----- Dataset content

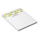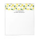A notepad with a cute pattern of yellow lemons with green leaves and fresh cut lemon slices along the top. Personalize with a name.
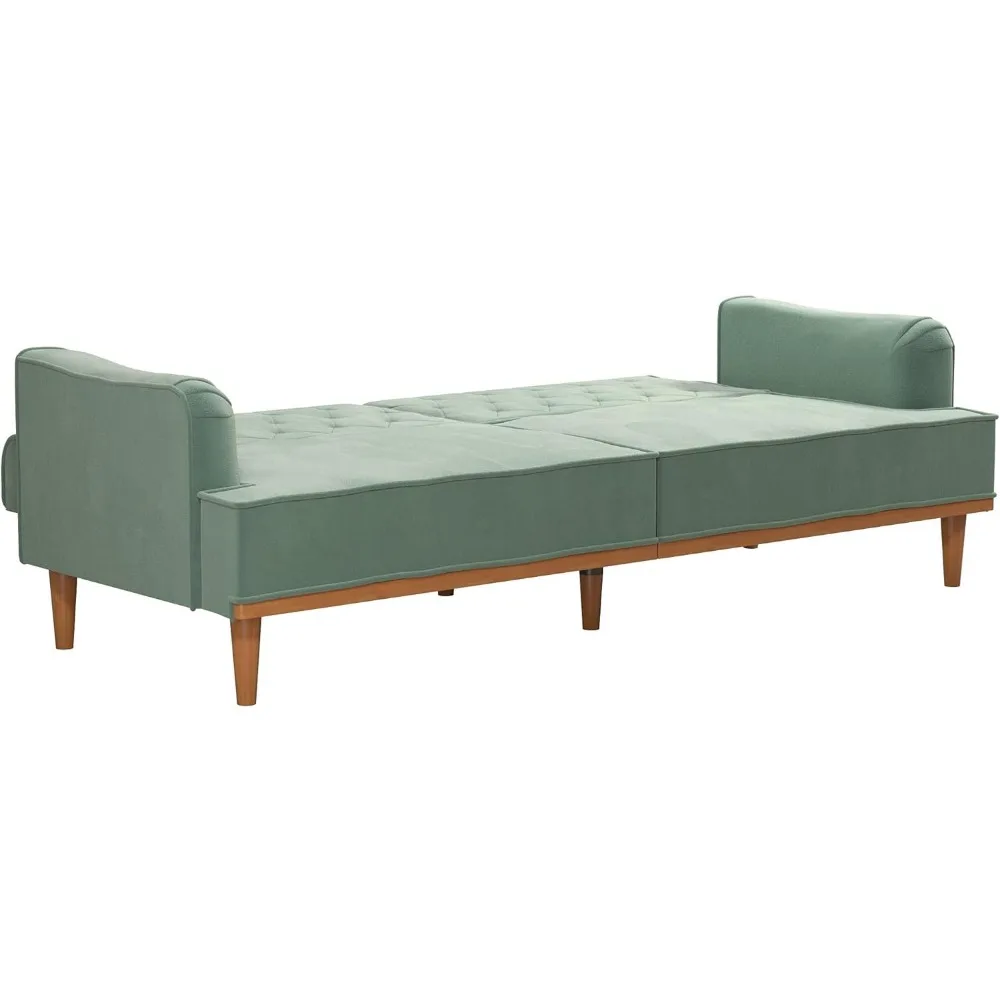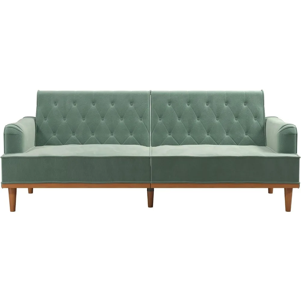 Sofa Bed Multi-functional Split Design, Cyan Velvet, Suitable for Small Spaces, Retro Convertible Sofa Bed Futon
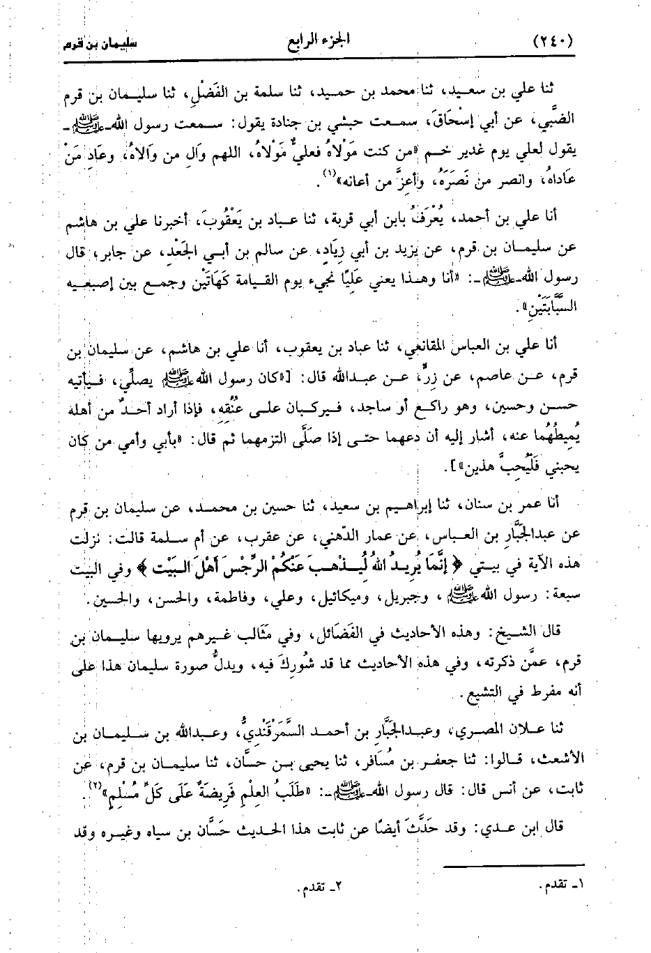 حَدَّثَنَا عَلِيُّ بْنُ الْعَبَّاسِ الْمُقَانِعِيُّ، حَدَّثَنا عَبَّادُ بْنُ يَعْقُوبَ أَنَا عَلِيُّ بْنُ هَاشِمٍ عَنْ سُلَيْمانَ بْنِ قرم عن عصام عَنْ زِرٍّ عَنْ عَبد اللَّهِ، قَال: كَانَ رَسُولُ اللَّهِ صَلَّى اللَّهُ عَلَيْهِ وَسَلَّمَ يُصَلِّي فَيَأْتِيهِ حَسَنٌ وَحُسَيْنٌ، وَهو رَاكِعٌ أَوْ سَاجِدٌ فَيَرْكَبَانِ عَلَى عُنُقِهِ فَإِذَا أَرَادَ أَحَدٌ مِنْ أَهْلِهِ يُمِيطُهُمَا عَنْهُ أَشَارَ إِلَيْهِ أَنْ دَعْهُمَا حَتَّى إِذَا صَلَّى الْتَزَمَهُمَا ثُمَّ قَالَ بِأَبِي وَأُمِّي مَنْ كَانَ يحبني فليحب هذين.

----------

• [Directions for this task]:
The line with "Sofa Bed Multi-functional" ends the range, and the first line of the data begins it; repeat exactly those lines and nothing more, omitting pictures.

• [Solution to the exercise]:
A notepad with a cute pattern of yellow lemons with green leaves and fresh cut lemon slices along the top. Personalize with a name.
 Sofa Bed Multi-functional Split Design, Cyan Velvet, Suitable for Small Spaces, Retro Convertible Sofa Bed Futon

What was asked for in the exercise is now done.